══ DATA LISTING ══
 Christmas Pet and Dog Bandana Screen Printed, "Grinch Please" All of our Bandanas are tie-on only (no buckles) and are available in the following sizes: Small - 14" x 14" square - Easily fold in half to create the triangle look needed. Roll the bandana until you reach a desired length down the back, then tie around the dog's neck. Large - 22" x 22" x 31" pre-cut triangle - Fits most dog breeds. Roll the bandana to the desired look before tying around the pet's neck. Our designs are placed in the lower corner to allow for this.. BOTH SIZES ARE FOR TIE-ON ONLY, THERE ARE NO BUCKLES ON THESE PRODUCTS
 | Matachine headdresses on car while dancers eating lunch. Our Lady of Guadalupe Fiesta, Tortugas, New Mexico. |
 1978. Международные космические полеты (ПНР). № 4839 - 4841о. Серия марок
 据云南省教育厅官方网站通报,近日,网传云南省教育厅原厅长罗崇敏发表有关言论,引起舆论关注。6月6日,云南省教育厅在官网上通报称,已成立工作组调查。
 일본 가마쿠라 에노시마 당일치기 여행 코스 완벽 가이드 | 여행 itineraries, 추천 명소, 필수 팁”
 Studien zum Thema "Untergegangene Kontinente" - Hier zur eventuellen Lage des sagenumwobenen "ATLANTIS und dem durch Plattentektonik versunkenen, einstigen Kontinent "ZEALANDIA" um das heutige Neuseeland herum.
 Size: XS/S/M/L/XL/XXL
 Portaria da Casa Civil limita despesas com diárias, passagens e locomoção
═══
══ DATA LISTING ══
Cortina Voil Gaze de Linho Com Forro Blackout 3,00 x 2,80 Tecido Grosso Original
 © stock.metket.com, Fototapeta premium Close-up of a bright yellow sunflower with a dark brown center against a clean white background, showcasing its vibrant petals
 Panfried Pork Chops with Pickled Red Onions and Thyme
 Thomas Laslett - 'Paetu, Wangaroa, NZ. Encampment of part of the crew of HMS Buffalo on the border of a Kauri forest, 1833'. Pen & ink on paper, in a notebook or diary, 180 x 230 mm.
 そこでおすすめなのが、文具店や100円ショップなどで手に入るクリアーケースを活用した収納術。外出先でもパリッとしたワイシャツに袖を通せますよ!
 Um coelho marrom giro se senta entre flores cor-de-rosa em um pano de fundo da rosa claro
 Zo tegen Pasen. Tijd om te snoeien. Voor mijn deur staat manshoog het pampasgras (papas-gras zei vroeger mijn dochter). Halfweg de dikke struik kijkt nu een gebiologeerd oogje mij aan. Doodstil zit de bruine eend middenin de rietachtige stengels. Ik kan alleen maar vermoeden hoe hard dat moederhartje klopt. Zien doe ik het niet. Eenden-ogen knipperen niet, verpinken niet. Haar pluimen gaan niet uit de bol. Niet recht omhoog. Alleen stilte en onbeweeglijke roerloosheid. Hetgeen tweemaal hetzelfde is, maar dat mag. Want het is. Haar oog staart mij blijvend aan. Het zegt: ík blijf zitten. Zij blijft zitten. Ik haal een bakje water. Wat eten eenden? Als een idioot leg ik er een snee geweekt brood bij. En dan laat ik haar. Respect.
═══
Please copy the lines above from the line with "Thomas Laslett - 'Paetu, Wangaroa, NZ." up to and including the line with "Zo tegen Pasen.", exactly as written and with nothing else.

* [RESULT OF THIS EXERCISE]:
 Thomas Laslett - 'Paetu, Wangaroa, NZ. Encampment of part of the crew of HMS Buffalo on the border of a Kauri forest, 1833'. Pen & ink on paper, in a notebook or diary, 180 x 230 mm.
 そこでおすすめなのが、文具店や100円ショップなどで手に入るクリアーケースを活用した収納術。外出先でもパリッとしたワイシャツに袖を通せますよ!
 Um coelho marrom giro se senta entre flores cor-de-rosa em um pano de fundo da rosa claro
 Zo tegen Pasen. Tijd om te snoeien. Voor mijn deur staat manshoog het pampasgras (papas-gras zei vroeger mijn dochter). Halfweg de dikke struik kijkt nu een gebiologeerd oogje mij aan. Doodstil zit de bruine eend middenin de rietachtige stengels. Ik kan alleen maar vermoeden hoe hard dat moederhartje klopt. Zien doe ik het niet. Eenden-ogen knipperen niet, verpinken niet. Haar pluimen gaan niet uit de bol. Niet recht omhoog. Alleen stilte en onbeweeglijke roerloosheid. Hetgeen tweemaal hetzelfde is, maar dat mag. Want het is. Haar oog staart mij blijvend aan. Het zegt: ík blijf zitten. Zij blijft zitten. Ik haal een bakje water. Wat eten eenden? Als een idioot leg ik er een snee geweekt brood bij. En dan laat ik haar. Respect.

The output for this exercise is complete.